The problem — Copy out the data from the line containing "サロペットパンツ レディース ゆったり" to its last line, exactly. No pictures.

━━━━━ Supplied data ━━━━━

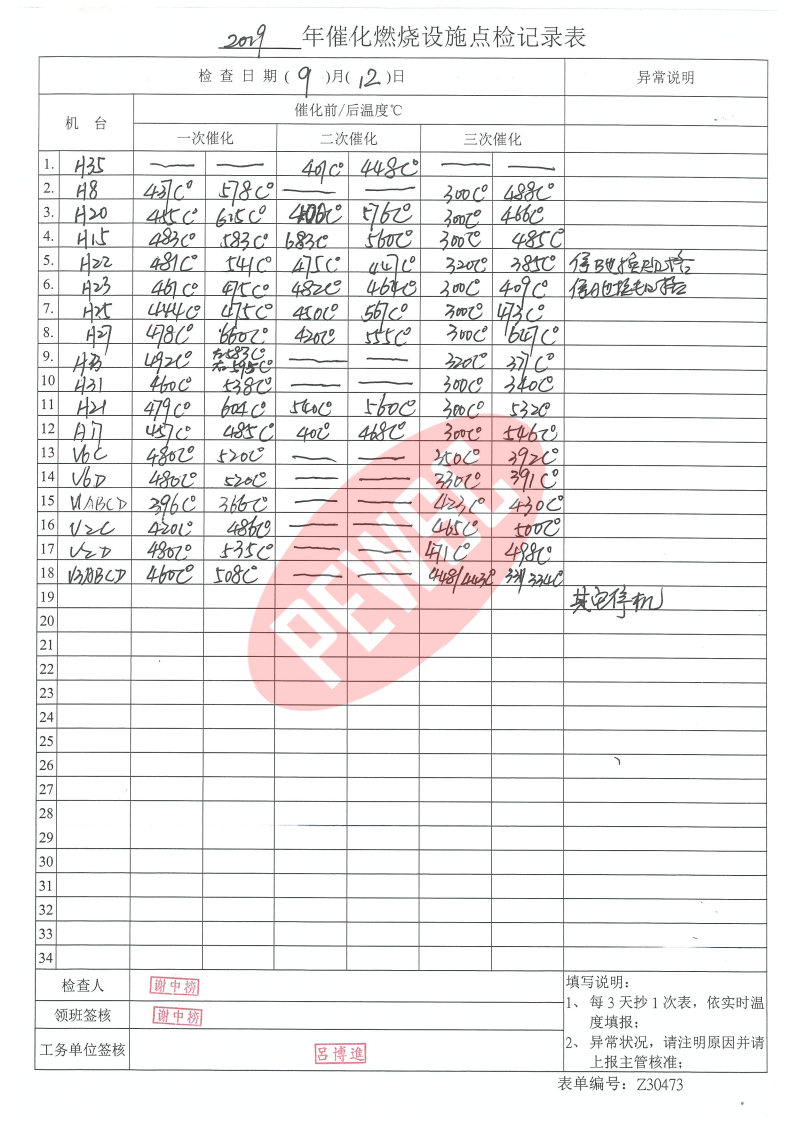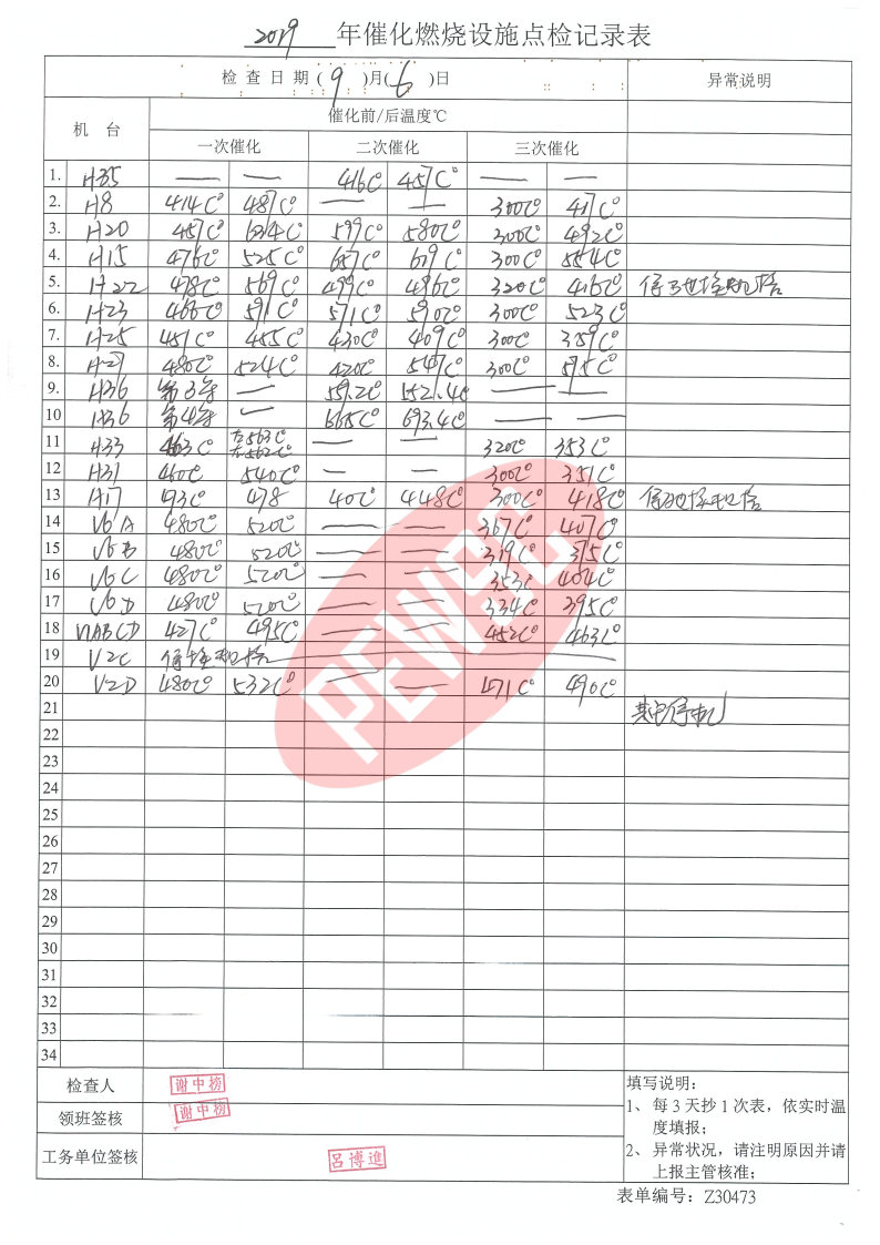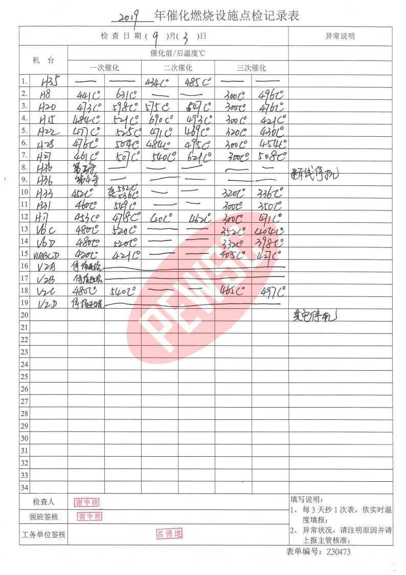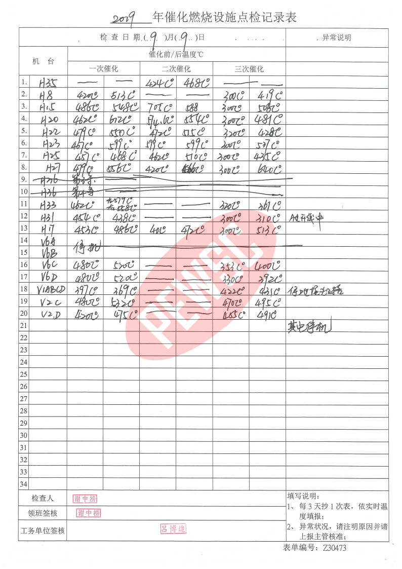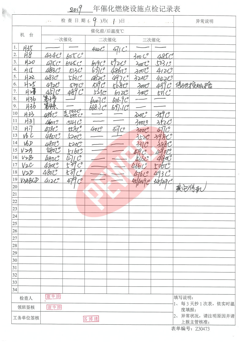 2019年9月份催化燃烧运行台账
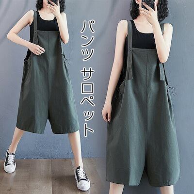 サロペットパンツ レディース ゆったり ショートパンツ オールインワン おしゃれ カジュアル 短パン カジュアル オーバーオール 可愛い 無地 夏 七分丈
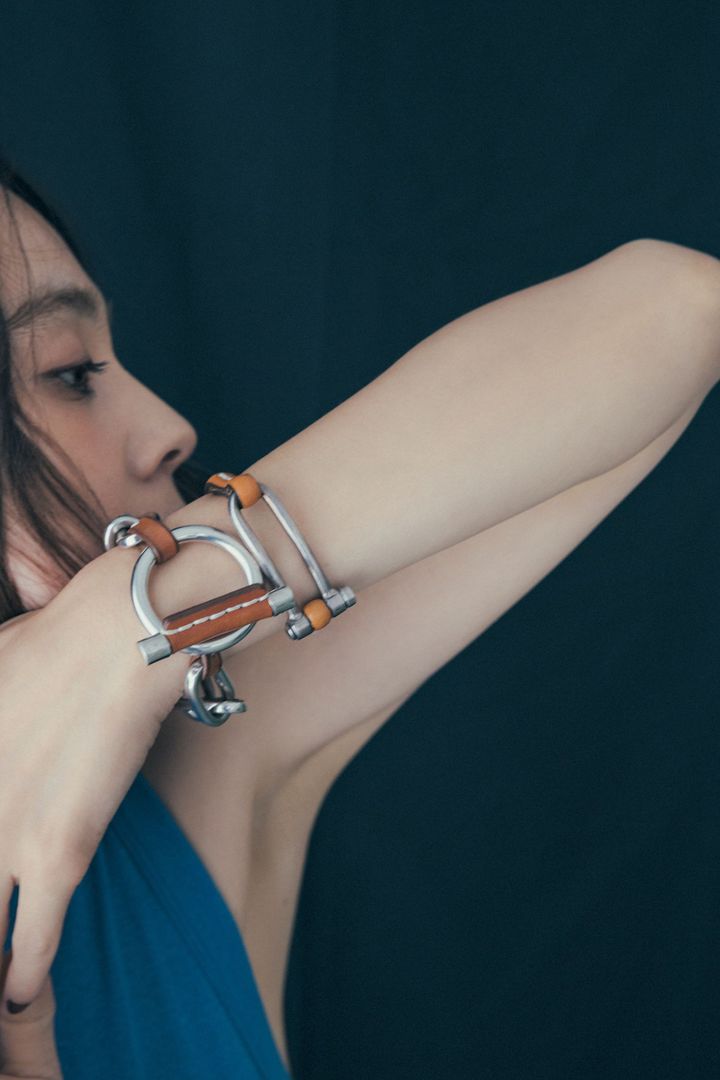 レザーブレスレット¥18,700チェーンブレスレット¥26,400(ともにCXC/アマン)タンクトップ¥7,700(オニット×シップス/シップス インフォメーションセンター)サンダル¥2,970(イパネマ/シードコーポレーション)たすき掛けしたシャツ¥27,500(エッフェ ビームス/ビームス ハウス 丸の内)デニムパンツ¥15,180(マウジー/バロックジャパンリミテッド)バッグ¥14,300(ジェセフ アンド ステイシー/クイーポ)ピアス¥36,300(ジジ/ホワイトオフィス)
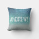 Bright Blue Teal Sparkly Glitter Ombre Monogram Cushion

━━━━━

Response to the exercise —
 サロペットパンツ レディース ゆったり ショートパンツ オールインワン おしゃれ カジュアル 短パン カジュアル オーバーオール 可愛い 無地 夏 七分丈
 レザーブレスレット¥18,700チェーンブレスレット¥26,400(ともにCXC/アマン)タンクトップ¥7,700(オニット×シップス/シップス インフォメーションセンター)サンダル¥2,970(イパネマ/シードコーポレーション)たすき掛けしたシャツ¥27,500(エッフェ ビームス/ビームス ハウス 丸の内)デニムパンツ¥15,180(マウジー/バロックジャパンリミテッド)バッグ¥14,300(ジェセフ アンド ステイシー/クイーポ)ピアス¥36,300(ジジ/ホワイトオフィス)
 Bright Blue Teal Sparkly Glitter Ombre Monogram Cushion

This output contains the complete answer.